Hold that thought and let's go back to the report. What I find key is not so much the specifics of what it says. Rather, it' feels like the beginning of doctrine development that ignores a central point of bifurcation.
Specifically, a military with 'resource to 2050' operating on behalf of a civilian population with constrained resources for 20-25 years sounds (pardon this) a bit elitist at its core. I may be an historic dunderhead, but when one portion of the population has resources, while a larger population doesn't have resources, seems to me you're just setting yourself up for violent conflict.

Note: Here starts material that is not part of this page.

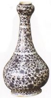 胎體厚重,修胎粗糙,接痕明類。蒜頭口,粗長頸,圆腹,宽圆矮圈足,砂底。釉色白中閃青,釉層稀薄。通體繪缠枝莲,釉層濃重外带有明顯的凸起的黑色斑點。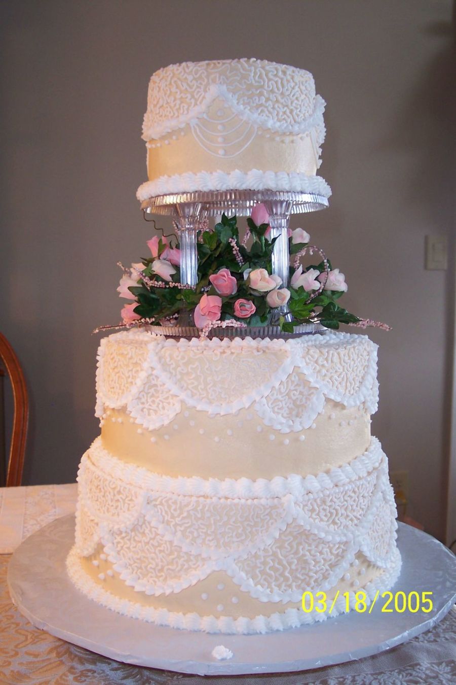The bride wanted something in ivory that looked like lace, so I did a flat ivory b.c. icing, with the white cornelli lace to contrast and get the desired effect.

So when I read Nathan Freier's report and come across a paragraph like this one (taken wholly out of context of the report itself, you understand) I wonder if military elitism, that I believe based on first-hand reports to exist, doesn't in and of itself precipitate violent domestic social conflict?
"Widespread civil violence inside the United States would force the defense establishment to reorient priorities in extremis to defend basic domestic order and human security. Deliberate employment of weapons of mass destruction or other catastrophic capabilities, unforeseen economic collapse, loss of functioning political and legal order, purposeful domestic resistance or insurgency, pervasive public health emergencies, and catastrophic natural and human disasters are all paths to disruptive domestic shock." (Freier, P. 32)
Or, put more simply, Mao Tse Dung's doctrine that the "...people are like a sea and the guerilla (army) must swim amongst them..." collides conceptually with the super-military necessary to deal with super-threats envisioned in future years. Seems having it both ways is not very likely, nor, no matter how much 'intelligence' spending occurs, can all threats be foreseen. An Iraqi shoe-thrower knows that one.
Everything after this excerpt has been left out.